Для клинической картины «психозов старых дев» по Э. Кречмеру характерны: «... агрессивные настойчивые жалобы на мнимые ухаживания, принудительно-невротические или сенситивно-параноические идеи на почве эротических сомнений или конфликты с неугасаемым половым влечением, или же своеобразно тихие, кататимные формы любовного бреда, где в течение долгих лет с уверенностью ожидается, например, давно исчезнувший возлюбленный юности, или какой-нибудь издали обожаемый человек, ставший поздно предметом любви» (90, с. 215).

Вот один из примеров, приводимых Э. Кречмером. Старой деве 36 лет стало казаться, что за ней следят, делают какие-то особые знаки, намекают на что-то неопределенное. Через две недели развился выраженный бред преследования, относящийся к ее девичьей чести. Она убеждена, что ее преследует какой-то мужчина, который стремится с целью изнасилования завлечь ее в гостиницу. Будучи одна в комнате, она стала слышать голос незнакомого мужчины, которого считает обольстителем.

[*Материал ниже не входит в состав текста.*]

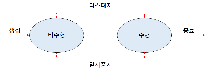 프로세스 상태는 기본적으로 두 가지로 나뉠 수 있다. 수행중이냐 비수행중이냐. 지난 포스팅에서 다루었던 바와 같이, OS는 PCB 자료구조로 프로세스를 관리한다. 준비큐에 PCB가 대기하면 비수행이고 처리기를 할당받으면 수행중이다. OS는 프로세스를 Switch하는 디스패처(Dispachter) 프로그램을 이용하여 처리기를 다른 프로세스에 할당한다.(디스패치)

Стала прятаться от него в различных местах.

Из приведенных в этом разделе литературных материалов отчетливо прослеживается влияние, хотя и относительной, социальной изоляции на развитие психотических реакций. Анализ этих примеров позволяет также заключить, что социальная изоляция, по всей вероятности, является существенным, но не единственным психогенным фактором. Описанные выше психозы развивались у людей, имеющих конституциональную психическую лабильность, а также у тех лиц, которые не смогли компенсировать социальную изоляцию в среде с чуждым языком, хорошими семейными условиями и удовлетворяющей их профессиональной деятельностью. В генезе так называемых «психозов старых дев» наряду с биологическими факторами определенную роль играет относительная социальная изоляция.